Is One Epoch All You Need For Multi-Fidelity Hyperparameter Optimization?
This work addresses cost reduction in hyperparameter optimization for machine learning practitioners, but it is incremental as it highlights a baseline rather than introducing a new method.
The paper tackled the computational expense of multi-fidelity hyperparameter optimization by comparing a simple baseline that discards all but top models after one epoch against established methods, finding it achieved similar results with an order of magnitude less computation.

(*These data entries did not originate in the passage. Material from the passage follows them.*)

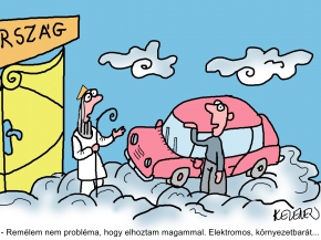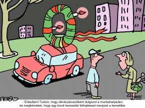 Heti rajzunk készítője Kelemen István, karikatúrájának címe: Mennyei autó.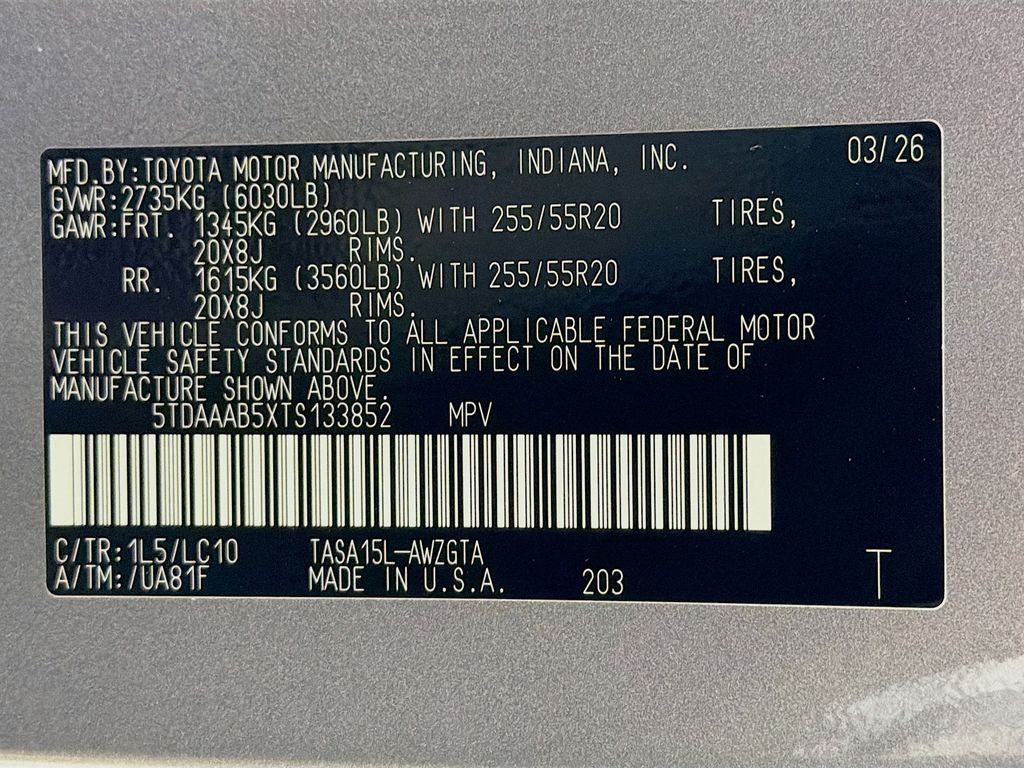 VIN 5TDAAAB5XTS133852
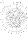 ハブ部52に、貫通穴43が設けられ、この貫通穴43に、車軸に支持されるベアリング(図2、符号47L、47R)が備えられ、貫通穴の内壁86に、ベアリング47L、47Rが係止されるベアリング突当て段部87が貫通穴の周方向に離れて複数個設けられている。

Hyperparameter optimization (HPO) is crucial for fine-tuning machine learning models but can be computationally expensive. To reduce costs, Multi-fidelity HPO (MF-HPO) leverages intermediate accuracy levels in the learning process and discards low-performing models early on. We compared various representative MF-HPO methods against a simple baseline on classical benchmark data. The baseline involved discarding all models except the Top-K after training for only one epoch, followed by further training to select the best model. Surprisingly, this baseline achieved similar results to its counterparts, while requiring an order of magnitude less computation. Upon analyzing the learning curves of the benchmark data, we observed a few dominant learning curves, which explained the success of our baseline. This suggests that researchers should (1) always use the suggested baseline in benchmarks and (2) broaden the diversity of MF-HPO benchmarks to include more complex cases.